Upon graduation, USC students take different paths to the next stage of their lives.
Some apply to law school, while others move to a big city to take on their first real job. Some marry their long-term significant other, and some move back in with their parents until they figure out what’s next.
But for Pete O’Steen, a 2018 graduate from the Darla Moore School of Business, none of these options applied to him after taking off his cap and gown.
The Greenville native, who attended USC with his twin brother and was a member of one of the university’s biggest fraternities, didn’t get a call from any business firms or corporations asking if he would be interested in a supply chain management position.
O’Steen’s call for what he was going to do in life came his sophomore year of college.
His call came from God.
After finishing his four years at USC, O’Steen moved to Washington, D.C. to attend the Theological College at Catholic University of America, where he is studying philosophy, one of the first steps to becoming a priest in the Diocese of Charleston.
And he is not the only Gamecock to join the seminary.
Justin Damask was studying mechanical engineering at South Carolina when he, too, felt called to priesthood.
“All of a sudden, I would catch myself at mass like ‘oh, I would do something a little different,'” Damask said. “It gave me a lot of joy to think about those things, and you know, it wasn’t like you think about some things and afterwards you’re like ‘oh, that was a crazy thought.’ This kind of grew on me."
Damask confided in the Rev. Marcin Zahuta, pastor of St. Thomas Moore Catholic Church, the parish across the street from USC's campus.
Although Damask attended Catholic schools before college, he didn’t know the first thing about becoming a priest. Zahuta encouraged Damask to ask questions and continue to pray.
“So, after a year of thinking about it and praying about it, I took the next step and joined the seminary,” Damask said. “It’s been 3 years now.”
Damask, now 22, left the University of South Carolina in his second year and entered college seminary.
O’Steen, on the other hand, didn’t grow up going to Catholic school or even going to mass every Sunday.

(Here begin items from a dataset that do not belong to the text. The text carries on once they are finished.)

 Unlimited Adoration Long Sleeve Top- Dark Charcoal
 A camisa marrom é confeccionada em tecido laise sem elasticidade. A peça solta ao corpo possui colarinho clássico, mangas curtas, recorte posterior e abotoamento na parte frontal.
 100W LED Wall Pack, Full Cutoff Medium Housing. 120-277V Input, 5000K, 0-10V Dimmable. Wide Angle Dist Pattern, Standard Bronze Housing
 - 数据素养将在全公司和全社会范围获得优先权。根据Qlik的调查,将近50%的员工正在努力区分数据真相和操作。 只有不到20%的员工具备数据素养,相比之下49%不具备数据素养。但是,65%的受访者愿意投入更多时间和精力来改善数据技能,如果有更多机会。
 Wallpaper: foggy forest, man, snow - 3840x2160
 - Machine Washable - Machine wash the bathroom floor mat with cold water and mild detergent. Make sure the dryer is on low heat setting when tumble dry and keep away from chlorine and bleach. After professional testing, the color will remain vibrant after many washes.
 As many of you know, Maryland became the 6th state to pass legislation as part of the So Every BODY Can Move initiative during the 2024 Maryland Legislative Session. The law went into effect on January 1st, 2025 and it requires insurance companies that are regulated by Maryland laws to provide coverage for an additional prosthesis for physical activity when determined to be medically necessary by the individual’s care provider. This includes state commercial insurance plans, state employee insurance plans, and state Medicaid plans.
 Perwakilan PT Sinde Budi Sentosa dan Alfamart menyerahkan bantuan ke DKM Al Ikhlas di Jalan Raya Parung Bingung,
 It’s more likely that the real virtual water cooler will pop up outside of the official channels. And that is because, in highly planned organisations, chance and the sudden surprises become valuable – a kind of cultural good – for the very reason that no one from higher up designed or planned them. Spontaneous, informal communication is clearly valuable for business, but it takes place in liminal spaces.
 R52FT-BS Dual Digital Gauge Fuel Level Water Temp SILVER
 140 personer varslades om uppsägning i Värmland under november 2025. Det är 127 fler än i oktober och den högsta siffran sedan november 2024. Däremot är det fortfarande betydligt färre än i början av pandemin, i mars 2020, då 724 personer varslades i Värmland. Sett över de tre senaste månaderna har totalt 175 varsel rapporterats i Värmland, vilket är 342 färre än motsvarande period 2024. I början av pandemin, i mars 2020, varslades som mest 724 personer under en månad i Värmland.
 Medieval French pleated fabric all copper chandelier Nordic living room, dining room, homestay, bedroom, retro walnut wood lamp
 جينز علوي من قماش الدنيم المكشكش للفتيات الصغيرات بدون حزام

He came to South Carolina as a first-year student, joined a fraternity and went out to Five Points like the rest of this friends.
But in his second year at school, he began spending less time in bars and more time in church.
Upon reflecting on their decisions to go into ministry, both O’Steen and Damask remember the first person they told about their plans for their life.
For O’Steen, it was his brother.
“I couldn’t even believe I was saying it,” O’Steen said. “It was like I couldn’t even get the words out. It almost came out like a shriek.”
For Damask, it was his mom.
“I remember talking to her about it, and I first told her everything I had done wrong in high school,” Damask said. “So, I throw all that out there, and even though I’ve done all this stuff, still, I think that this is where he’s calling me.”
The reactions from their friends was initially shock, but, overall, was supportive.
“It was obviously surprising, just because it’s not something many college students choose to do, but then when you thought about it, it made sense,” Brenna Gardner, a USC student and friend of O'Steen, said.
Gardner was also a member of a college bible study O’Steen helped lead.
“He was always such a dad, like one time he brought muffins to bible study,” Gardner said.
But support didn’t come from everyone. O’Steen said he still has friends who don’t understand why he chose this path for his life.
There are many challenges and sacrifices young men consider when becoming priests. For instance, as priests, Damask and O'Steen will take vows of celibacy and obedience.
“For me, the biggest sacrifice is probably never becoming a dad,” O’Steen said. “It’s something you wouldn’t be able to do without God’s grace.”
However, they both feel like the sacrifices they have to make are worth it to serve the Lord.
“It takes sacrifice, obviously; everyone talks about celibacy and I mean, it’s a real challenge,” Damask said. “I’ve met many priests who are very joyful in what they do and they find it very fulfilling. You can just tell some people were born to be priests. Similarly, I think that joy makes all the difficulties worth it.”